Marriage bar


A marriage bar is the custom and practice of restricting the employment of married women in general or in particular professions or occupations; and sometimes the practice called for the termination of employment of a woman on her marriage, especially in teaching, clerical and other occupations, and sometimes widowed women with children were still considered to be married preventing them from being hired.[1][2][3]


The practice never had an economic justification, and its rigid application could be disruptive to workplaces. It was justified during depression years as a social policy to find jobs for more family units, but the policy persisted beyond such economic times. The practice was common in some Western countries from the late 19th century to the 1970s. Marriage bars created a disincentive for women to marry, at least until they were ready to give up work, and some women, including Ruby Payne-Scott, kept their marriage secret to keep their jobs. Marriage bars did not affect employment in lower paid jobs, and therefore lowered incentives for women to acquire education.[4] Marriage bars were widely relaxed in wartime.


Since the 1960s, the practice has been regarded as employment inequality and sexual discrimination, and has been either discontinued or outlawed by anti-discrimination laws which may also deal with discrimination based on marital status. In the Netherlands, the marriage bar was removed in 1957,[5][6][7] and in Ireland it was removed in 1973.[8]




Contents





  • 1 Types


  • 2 Reasons given for marriage bars


  • 3 Exceptions to marriage bars


  • 4 References


  • 5 Further information




Types


Generally, marriage bars can be classified as the “hire bar” preventing the hiring of married women, and the “retain bar” preventing the retention of married workers.[9]


Marriage bars also meant that often female employees were classified as supplementary staff, rather than permanent. This was the case, for example, at Lloyds Bank until 1949, when the bank abolished its marriage bar.[10]


In Ireland in 1932 the marriage bar was introduced; this prevented any married woman from working in the public sector.[11]



Reasons given for marriage bars


A 1946 article in The Spectator, a British conservative magazine, gave (and dismissed) a few reasons for the implementation of the marriage bars.[12] Arguments included: women who were married were supported by their husbands, therefore they did not need jobs.[12] Marriage bars provided more opportunity for those whom proponents viewed as "actually" needing employment, such as single women.[12] Another argument The Spectator makes states unmarried women are more reliable and mobile than married women.[12] As single women did not have a family or other pressing responsibilities, they were more reliable and flexible than married women.[12] The last point made by this magazine involves the turnover rate.[12] The turnover rate for women in these jobs was high because lots of young single women eventually got married.[12] Since they did not hold their positions very long, it gave them less of an opportunity for advancement and promotions.[12]

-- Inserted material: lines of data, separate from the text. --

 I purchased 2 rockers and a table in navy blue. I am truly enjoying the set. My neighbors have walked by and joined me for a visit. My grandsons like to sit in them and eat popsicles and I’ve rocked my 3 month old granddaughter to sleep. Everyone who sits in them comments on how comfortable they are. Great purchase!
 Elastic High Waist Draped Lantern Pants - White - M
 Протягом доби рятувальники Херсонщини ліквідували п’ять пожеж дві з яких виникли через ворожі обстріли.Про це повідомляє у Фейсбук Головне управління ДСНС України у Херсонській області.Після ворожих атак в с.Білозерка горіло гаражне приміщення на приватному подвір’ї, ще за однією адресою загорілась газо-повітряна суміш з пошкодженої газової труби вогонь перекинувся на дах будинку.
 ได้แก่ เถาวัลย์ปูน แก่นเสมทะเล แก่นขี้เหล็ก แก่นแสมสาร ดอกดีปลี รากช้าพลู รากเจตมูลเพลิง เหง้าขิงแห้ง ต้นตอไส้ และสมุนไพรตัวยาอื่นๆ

Marriage bars were connected to social and economic fluctuations, for example, after the end of World War I, returning servicemen who wanted jobs, and afterwards the depression in the 1930s, led to the implementation of marriage bars in many professions during the interbellum period.[13] However, marriage bars were often justified on moral grounds, especially in places where there was a very strong tradition of married women staying at home and being housewives, something more common in rich countries, such as, for instance, the Netherlands.[14]

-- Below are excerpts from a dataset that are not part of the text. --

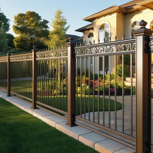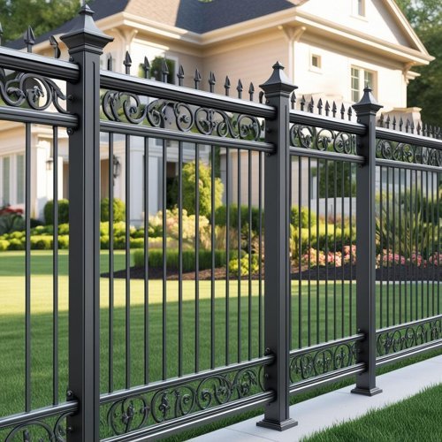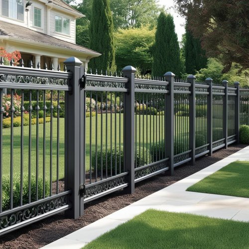 A tall strong wrought iron fence in a beautifully landscaped yard in Camas.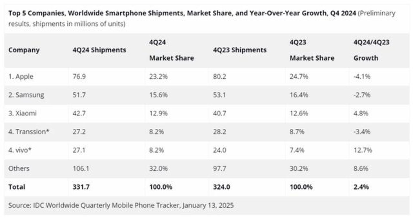 三星在2024年开了个好年,凭借S24旗舰系列和Galaxy AI强劲开局,但2024年四季度收尾就显得虎头蛇尾。由于未推出Galaxy S25系列新款旗舰,加之小米、OPPO、vivo等新机的冲击,其市场份额也有所下降,同比下滑2.7%。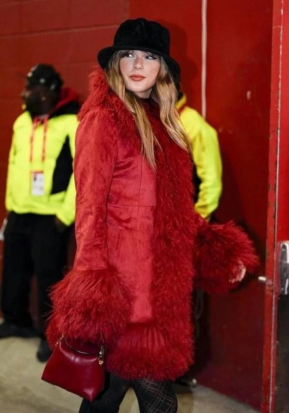 Năm 2024, trong lần đến đến sân vận động Arrowhead, Taylor Swift chọn áo khoác dài màu đỏ với cổ áo và gấu tay bằng lông nhân tạo, mang quần tất và bốt đen cao đến đầu gối.

Exceptions to marriage bars


Women's History Matters states that marriage bars had some exceptions.[1] Contrary to urban areas, rural areas needed teachers so they were willing to hire married women.[1] Schools were also willing to hire women if they could prove that their husbands were “invalid, insane, or unable to provide for the family".[1] Marriage bars were less strict during World War II, because the women were needed again for these jobs.[1] For example, in Montana, 1500 women were welcomed back into the school systems for the duration of World War II only.[1] Around the time of WW ll 87% of school boards would not hire married women and 70% would not retain a single woman who married. But later on in 1951 18% of the school boards had the "hire bar" and 10% had the "retain bar".[9] Marriage bars only applied to educated, middle-class married women, particularly native born white women. Their occupations were that of teaching, and clerical work. These occupations were most needed and required in secondary school education. Meanwhile, lower class women of colour who took jobs in manufacturing, waitressing, and domestic servants were unaffected by marriage bans.[9] Discrimination against married female teachers in the US was not terminated until 1964 with the passing of the Civil Rights Act.[1]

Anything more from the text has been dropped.